Functional annotation of proteins has been central to the development of biology in
the post-genomic era. In such a way, the wealth of information encoded by genome sequences
has become accessible to the broader biological community. One may even argue that
this has served the purpose of democratization of science, as almost every scientist
in the world has access to both genetic public databases and the little computing
power needed for doing similarity Blast searches. However, I will argue here that
this framework is flawed as it sticks to the once very useful, but now limited and
simplistic assumption, that ‘anything found to be true of E. coli must also be true
of elephants’, a famous statement by Jacques Monod around half a century ago.
In the most common annotation process, we label biomolecules, coded for in any given
genome now routinely sequenced even by small laboratories, with a functional attribute.
Annotation relies on sequence similarity searches and in what is known about the molecular
biological functions of similar biomolecules in diverse organisms. As the latter knowledge,
for instance the glycolytic pathway, was first obtained in model organisms such as
Escherichia coli, functional annotation is about detecting (remote!) homologues using
sensitive bioinformatics algorithms, and subsequent propagation of functional ‘experimentally
validated’ data from the well-known model organisms, to our distantly related subject
of study.
But what are the limitations associated with the current and broadly accepted approach
used for functional annotation? And more importantly, what may be future research
opportunities for the field and for the new generation of ‘functional microbiologists’
armed with both computational and wet laboratory experimental tools? Providing some
preliminary answers to these questions is what I will aim at in this piece.
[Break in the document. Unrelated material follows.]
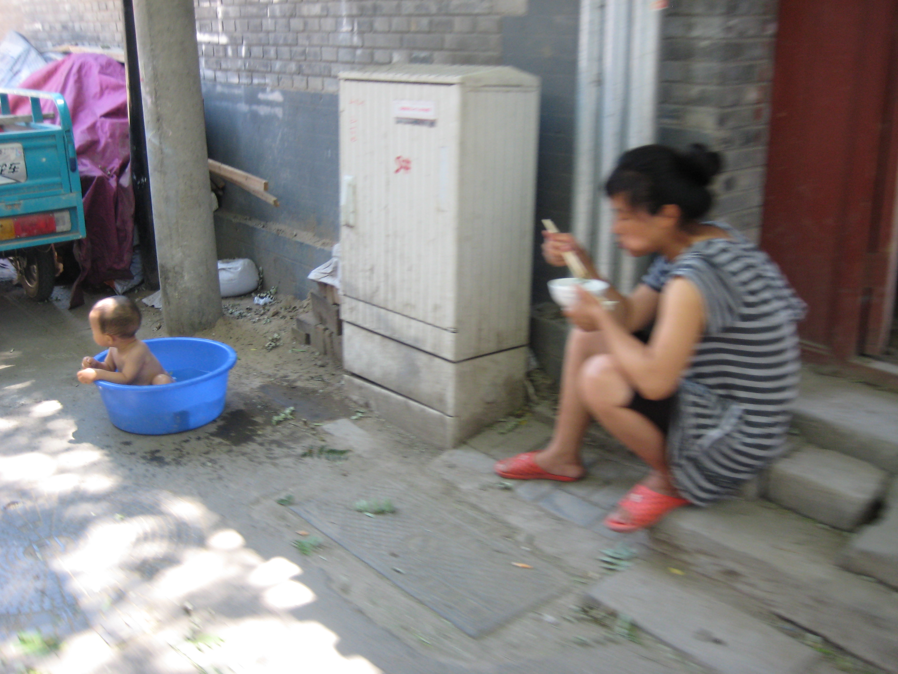 Hon passade på att låta barnet ta ett bad i sin balja under tiden. I morgon tittar vi på lite fler bilder som visar hur man lever i hutongerna.

At least two problems can be envisioned when carefully considering the current conceptual
functional annotation workflow. First, how certain are we about the original function
found in the closest model organism to our subject of study? Is this function actually
accurate and complete? In other words, is it safe to state that enzymes and proteins
stick to the co-linearity principle of one gene – one protein – one function? Paradoxically,
probably not a single molecular biologist nowadays will stand up for this principle,
but we all assume it is correct when it comes to functional annotation of our genomes!
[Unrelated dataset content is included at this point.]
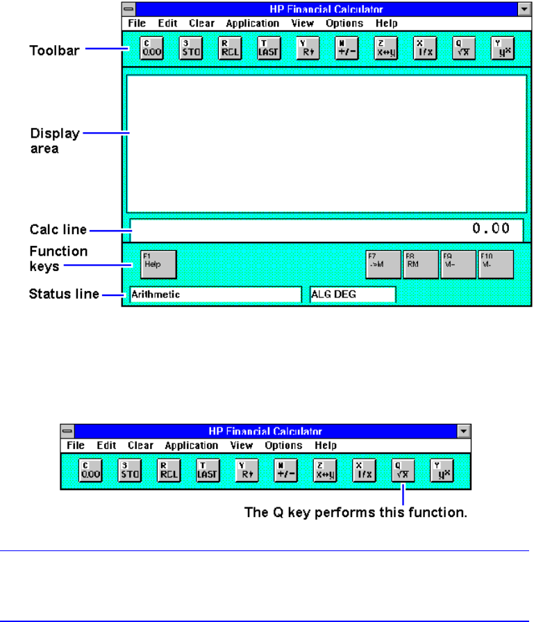 the calculator buttons—for example, pressing the Q key takes the square root of the

Second, how safe it is to assume that what is true for one organism is true for another
organism with a different evolutionary history? How could we account for biodiversity,
which is at the core of traditional and modern biological thinking, as it is to evolutionary
processes? For the sake of simplifying the analysis of biological systems, how far
should the universality argument be put forward?
The answers to these questions have to begin by criticizing the simplistic conceptual
framework that has prevailed to date in functional annotation. Not even as a reasonable
starting point, as colleagues have challenged me when expressing these concerns, can
we continue to accept this framework. Simply, among other reasons, because it is wrong
and we can do better: our current understanding of enzyme promiscuity (Khersonsky
and Tawfik, 2010) and ‘moonlighting proteins’ (Piatigorsky, 2007) provide an ideal
scenario to showcase what is wrong and how we can do better.
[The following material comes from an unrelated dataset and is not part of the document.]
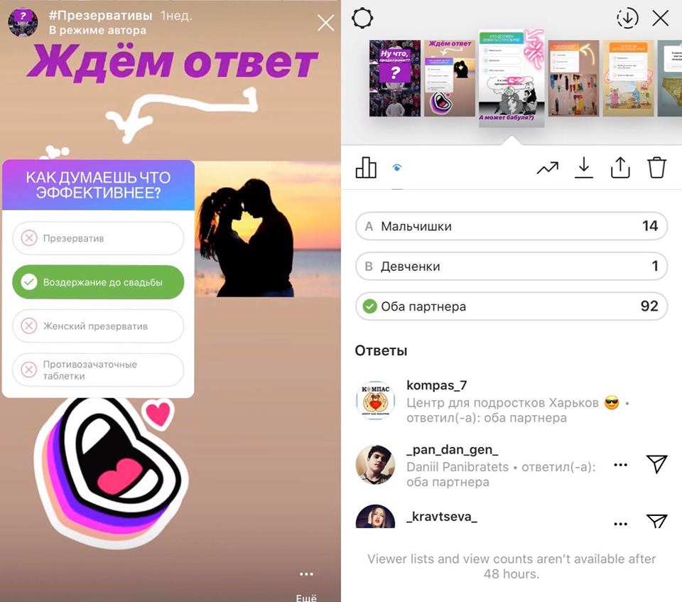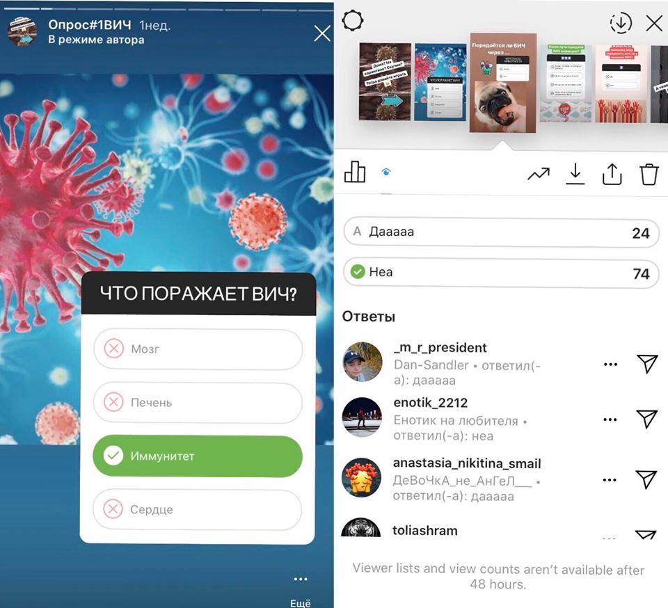 In addition, we plan to contact those visitors of our Instagram page who gave wrong answers to the quiz questions (e.g. about HIV infection or about condom use) in order to analyze their knowledge, belonging to a risk group and to involve them in the project services.

Proteins and enzymes are for the most part believed to be functionally highly specific.
However, enzyme promiscuity, which can be defined as the ability of an enzyme to catalyse
chemical conversions in addition to the one they have primarily evolved for – using
the same active site – is pervasive. Moreover, the functional diversity of proteins
is further expanded by their ability to perform more than one activity, for instance,
a physical interaction within a regulatory network in addition to a chemical conversion.
This observation has led to the appearance of the term moonlighting proteins, which
aims to account for the functional ephemeral nature of proteins.
The field of evolutionary biology has been responsible for advancing these concepts.
The redundancy of enzymatic and protein functions has been hypothesized to lead to
robust yet ‘plastic’ metabolic and regulatory networks, important for exploring metabolic
diversity and organismal evolution. At the protein level, moreover, these ‘secondary’
activities have been hypothesized to serve as raw material for the evolution of new
functions. Although specialization seems the ultimate outcome of evolution, most current
evolutionary biologists will embrace enzyme promiscuity and moonlighting proteins
as evolutionary advantageous, and they will likely agree that these phenomena are
part of a wider mechanism for appearance of functional novelty and microbial adaptation.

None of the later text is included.